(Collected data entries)
################
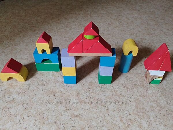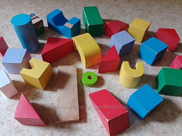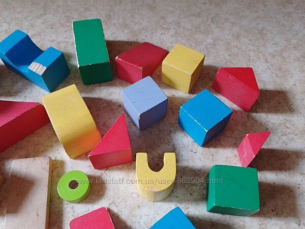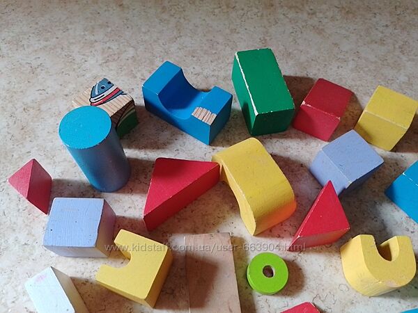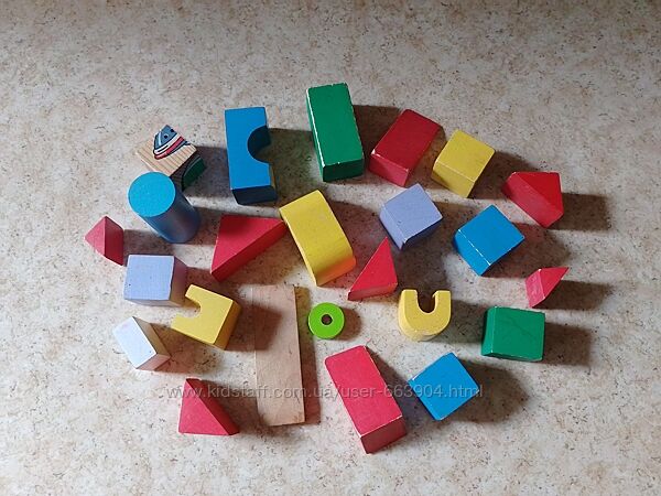 Деревянные кубики разных форм. Помогают ребёнку развивать образное мышление и мелкую моторику рук.В наличии 24 разных кубика. В пересчёте цена каждого выходит около 10 грн.
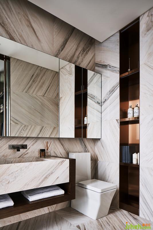 衛(wèi)生間延續(xù)客廳背景墻風(fēng)格,對(duì)紋大理石一體而上,右側(cè)面利用建筑原始?jí)w打造金屬展示架,兼具功能與美感。木質(zhì)呈懸浮U型包裹臺(tái)盆,映射出剛與柔的交融。
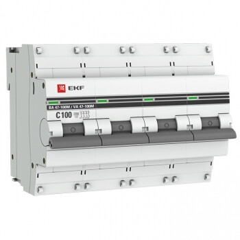 Автоматический выключатель 4P 100А (C) 10kA ВА 47-100M без теплового расцепителя EKF PROxima
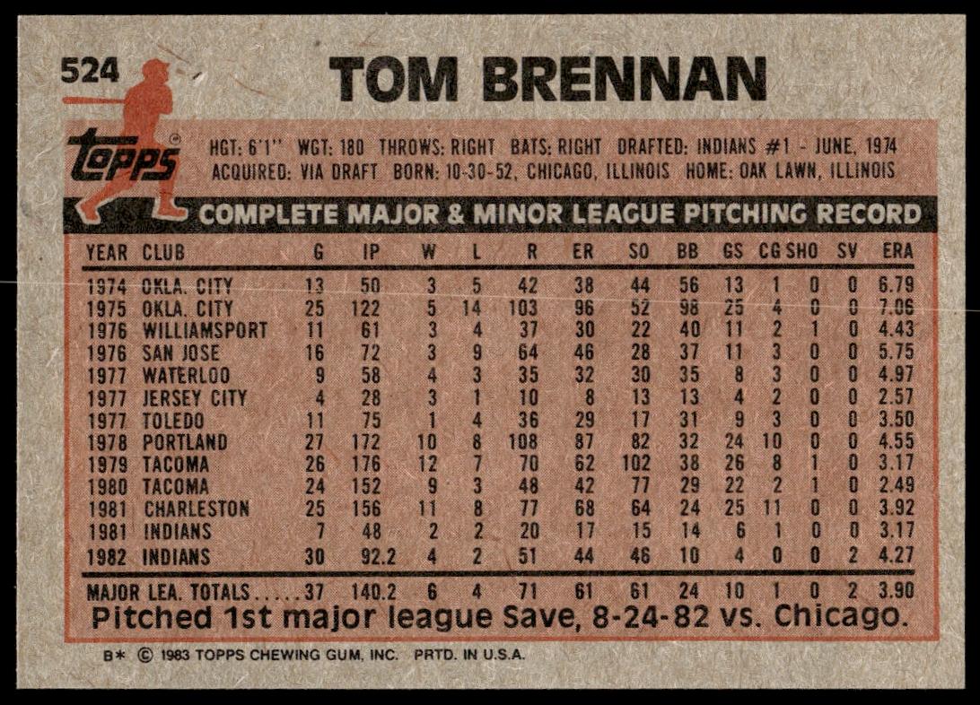 This Baseball card, from 1983 is part of the Topps  card set. Tom Brennan is featured and has a card number of 524.
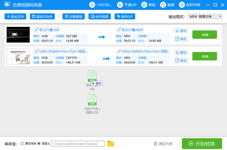 全部设置完成,点击界面右下角的“开始转换”,稍等片刻,VOB视频就成功转为MP4格式了。
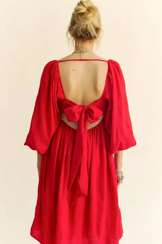 Davi & Dani Solid Textured Fabric Puff Sleeve Tie Back Dress
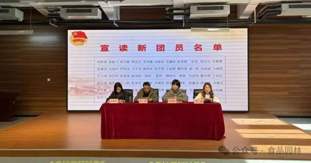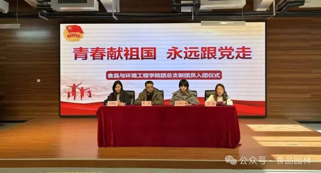 为深入学习贯彻党的二十大精神,进一步加强青年思想政治引领,激励广大青年学子坚定理想信念、勇担时代使命,2026年1月7日,食品与环境工程学院在71324报告厅隆重举行“青春献礼祖国 永远跟党走”新团员入团仪式。学院党总支书记杜军、校团委副书记仝智倍、学院党总支副书记高晓松等出席仪式,团总支书记卫婕主持,与各团支部代表、新老团员齐聚一堂,共同见证这一庄严时刻。
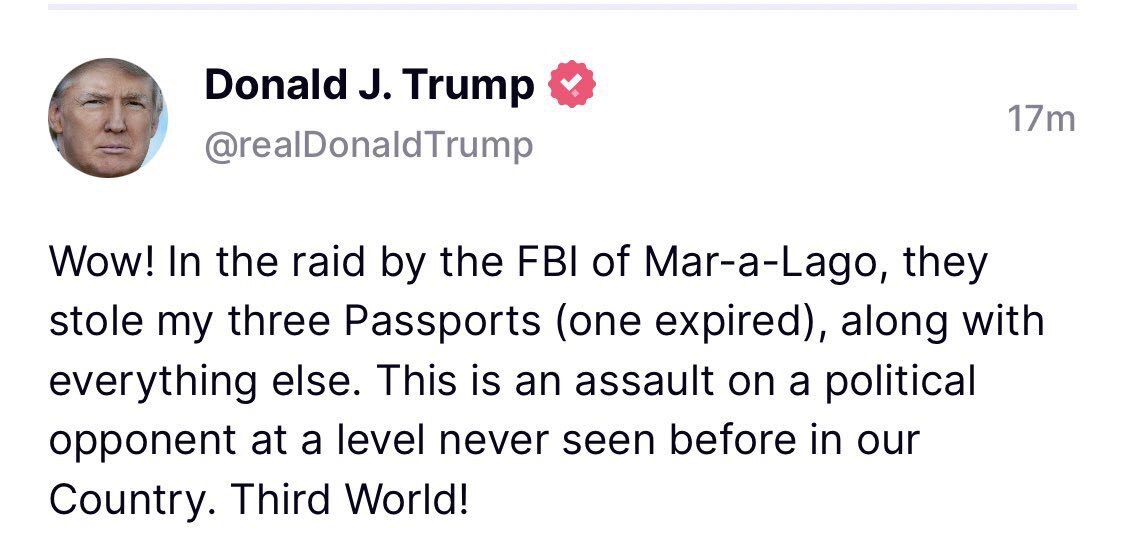 وكتب ترامب في منشور عبر حسابه على Truth Social: “في الغارة التي نفذها عناصر الـFBI على مار إيه لاغو، سرقوا جوازات سفري الثلاثة (واحد منهم منتهي الصلاحية)، بالإضافة إلى أشياء أخرى. هذا اعتداء على خصم سياسي على مستوى لم يحصل سابقا في بلدنا.. دولة عالم ثالث”.
################
- **EXERCISE PROMPT**
Omit the pictures and copy the records above exactly.

- **YOUR SOLUTION**
 Деревянные кубики разных форм. Помогают ребёнку развивать образное мышление и мелкую моторику рук.В наличии 24 разных кубика. В пересчёте цена каждого выходит около 10 грн.
 衛(wèi)生間延續(xù)客廳背景墻風(fēng)格,對(duì)紋大理石一體而上,右側(cè)面利用建筑原始?jí)w打造金屬展示架,兼具功能與美感。木質(zhì)呈懸浮U型包裹臺(tái)盆,映射出剛與柔的交融。
 Автоматический выключатель 4P 100А (C) 10kA ВА 47-100M без теплового расцепителя EKF PROxima
 This Baseball card, from 1983 is part of the Topps  card set. Tom Brennan is featured and has a card number of 524.
 全部设置完成,点击界面右下角的“开始转换”,稍等片刻,VOB视频就成功转为MP4格式了。
 Davi & Dani Solid Textured Fabric Puff Sleeve Tie Back Dress
 为深入学习贯彻党的二十大精神,进一步加强青年思想政治引领,激励广大青年学子坚定理想信念、勇担时代使命,2026年1月7日,食品与环境工程学院在71324报告厅隆重举行“青春献礼祖国 永远跟党走”新团员入团仪式。学院党总支书记杜军、校团委副书记仝智倍、学院党总支副书记高晓松等出席仪式,团总支书记卫婕主持,与各团支部代表、新老团员齐聚一堂,共同见证这一庄严时刻。
 وكتب ترامب في منشور عبر حسابه على Truth Social: “في الغارة التي نفذها عناصر الـFBI على مار إيه لاغو، سرقوا جوازات سفري الثلاثة (واحد منهم منتهي الصلاحية)، بالإضافة إلى أشياء أخرى. هذا اعتداء على خصم سياسي على مستوى لم يحصل سابقا في بلدنا.. دولة عالم ثالث”.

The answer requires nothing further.